The UN Security Council has voted to pass a US-drafted resolution authorising an International Stabilisation Force (ISF) in Gaza as part of Donald Trump’s 20-point plan, with an eleventh-hour inclusion of a tentative reference to a future Palestinian state after pressure from Arab states. The two‑year ISF mandate would secure borders, protect civilians, open humanitarian corridors, oversee weapons decommissioning, train a reconstituted Palestinian police and enable reconstruction under a US‑chaired “Board of Peace,” while US military planning envisions dividing Gaza into a reconstruction “green zone” and a devastated “red zone” with foreign forces deploying alongside Israeli troops—arrangements that raise difficult questions about sovereignty, the scope of demilitarisation and the practical delivery of aid.
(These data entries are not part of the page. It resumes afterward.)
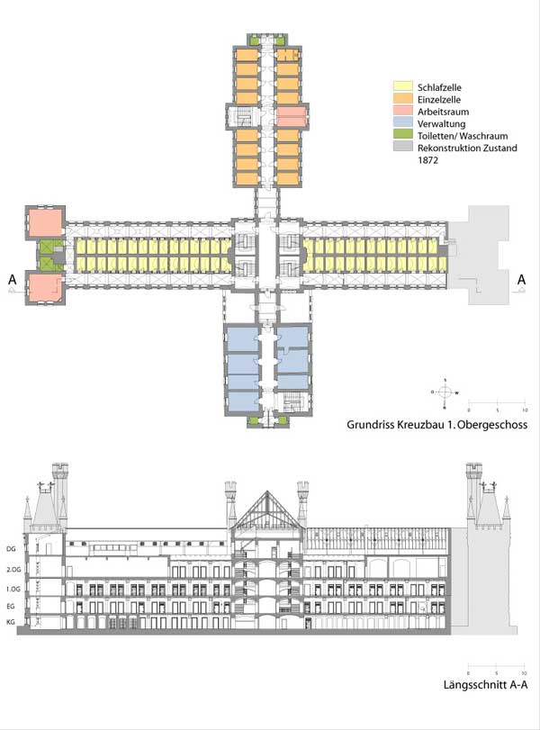 Kreuzbau - Längsschnitt - 1.OG Grundriss
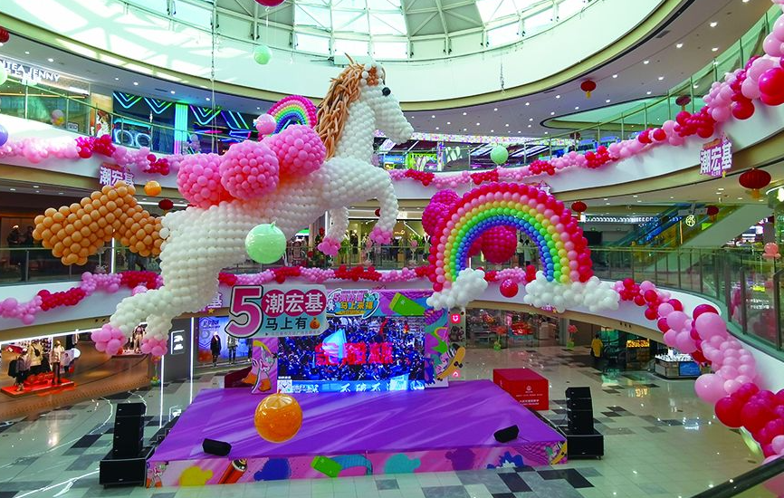 走進集寧區(qū)萬達廣場,一樓東門的跨年倒計時展板格外醒目,“約定,今年要和我愛的人一起跨年”的字樣搭配喜慶的紅色背景,將跨年的儀式感拉滿。商場內部的布置巧思盡顯,中庭位置,巨型氣球打造的白色小馬造型栩栩如生,粉色、橙色氣球簇擁左右,一旁的彩虹氣球裝飾蜿蜒舒展,與各品牌門前統(tǒng)一的彩色氣球相映成趣,簡約的裝飾搭配讓節(jié)日氛圍愈發(fā)濃郁。
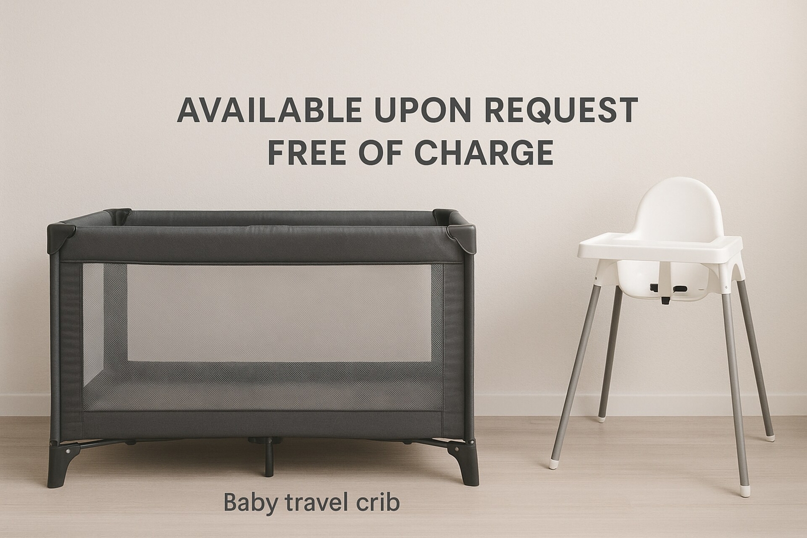 ? We’re happy to provide a baby crib and high chair at no extra charge — just let us know at least one day in advance.
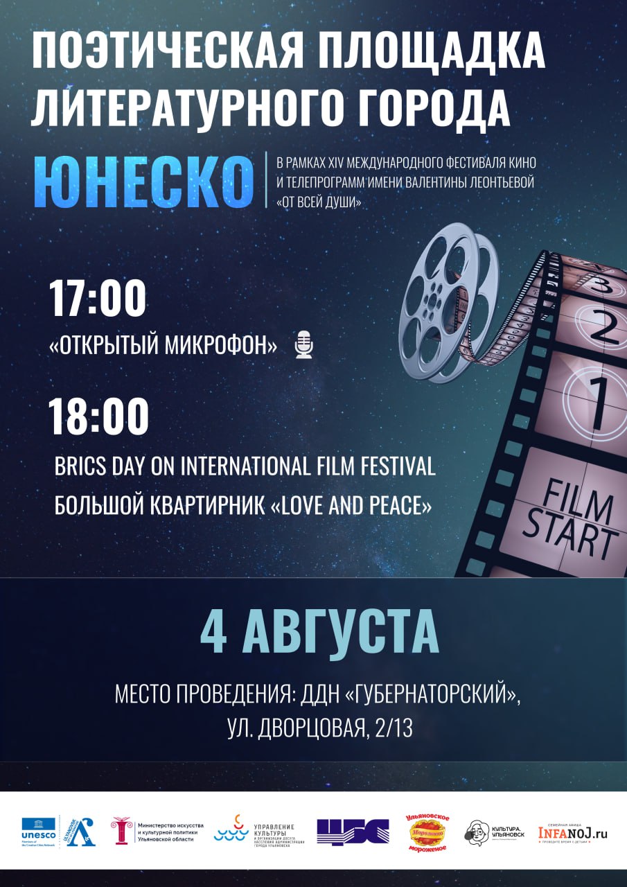 4 августа в 17:00 на территории Дворца дружбы народов «Губернаторский» пройдет поэтический микрофон и квартирник «Love and peace», где студенты из Индии, Йемена, Египта и Азербайджана представят свои национальные танцы и музыкальные номера с исполнением песен на русском, английском и родном языке. Позже они побывают на показе фильма «Достоевский межконтинентальный».
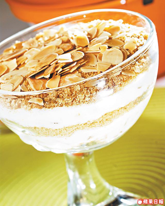 杏脯肉50克(切碎)、鮮忌廉100毫升、幼砂糖50克、呍呢拿香精/橙皮(切碎)各1/2茶匙、大蛋白1個、消化餅100克(壓碎)、杏仁片少許
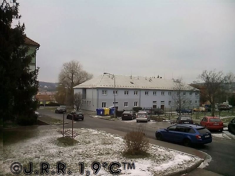 Oblačno s mírným J větrem. Tlak 1027 hPa, vlhkost 80%, vítr J 2,7 km/hod.
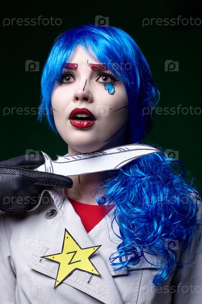 Женщина с ножом возле горла. Портрет молодой женщины в стиле комического поп-арта
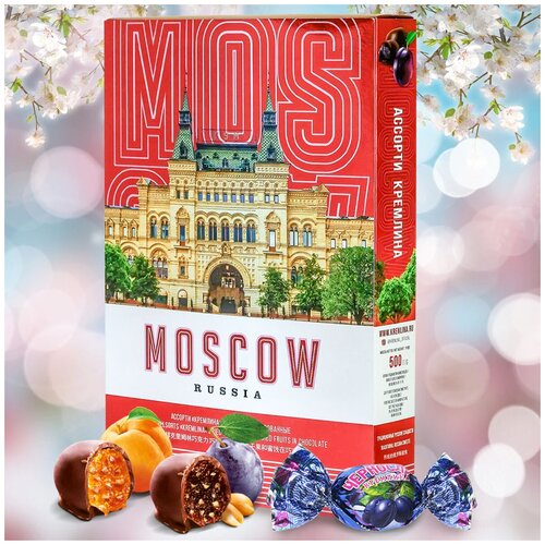 Конфеты ассорти Фрукты и орехи шоколадные Кремлина в коробке Москва Красная, 500 гр.
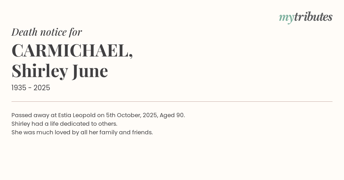 16°CPassed away at Estia Leopold on 5th October, 2025,

Backing from many Arab and Muslim-majority states is critical to providing troops, training and funding, but Israeli domestic opposition, limits on which countries can contribute (Turkey vetoed, UAE and Jordan signalled reluctance) and a competing Russia–China text on statehood mean implementation and regional acceptance remain significant political risks for reconstruction and longer‑term stability.

Analysis

The UN Security Council has approved a US‑drafted resolution authorising a two‑year International Stabilisation Force (ISF) in Gaza as the second phase of Donald Trump’s 20‑point plan, and the text was amended at the eleventh hour to include a tentative reference to a future Palestinian state after pressure from Arab states. The resolution tasks the ISF with securing border areas, protecting civilians, facilitating humanitarian corridors, overseeing decommissioning of weapons, training a reconstituted Palestinian police force and enabling reconstruction under a US‑chaired "Board of Peace," while US military planning contemplates a "green zone" for reconstruction and a "red zone" left devastated. Support from nine Arab and Muslim‑majority countries is cited as critical for providing troops, training and funding, but practical constraints are evident: UAE and Jordan have signalled reluctance to supply troops, Israel vetoed Turkey, and key Israeli ministers have publicly opposed any reference to statehood, creating a domestic political risk that could imperil implementation. Competing Russia–China language and remaining ambiguity about the scope and definition of demilitarisation mean the resolution legitimises a framework for aid and reconstruction but leaves major execution risks; near‑term market impact is therefore uncertain and contingent on concrete troop commitments, ISF deployment and clear withdrawal timetables for Israeli forces.